3.truncatechars_htmlandtruncatewords_htmlWhat is the difference? Which one should I choose?These are both used as filters for safely extracting HTML content, the main difference being the unit they extract:

  • truncatechars_html: ByCharacterTruncate length.It will start counting visible characters from the beginning and safely truncate after reaching the specified length.Even if the truncation point is in the middle of a word, it will retain the part before and add an ellipsis.
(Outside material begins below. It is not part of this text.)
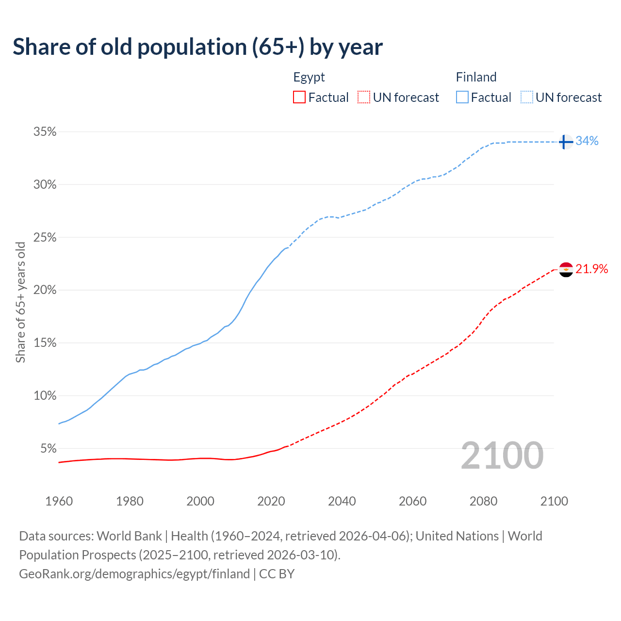 The share of older people aged 65 and over is 5.12% in Egypt and 23.9% in Finland. Life expectancy in Egypt compared to Finland .

  • truncatewords_html: BywordsQuantity extraction.It will calculate the number of visible words, and safely truncate after reaching the specified number of words.This method ensures that the content截取 ends with a complete word. Choose which one depends on your specific needs.truncatechars_htmlIt may be more suitable. If you attach more importance to the semantic integrity of the content, and hope that the summary always ends with a complete word,truncatewords_htmlthis would be a better choice.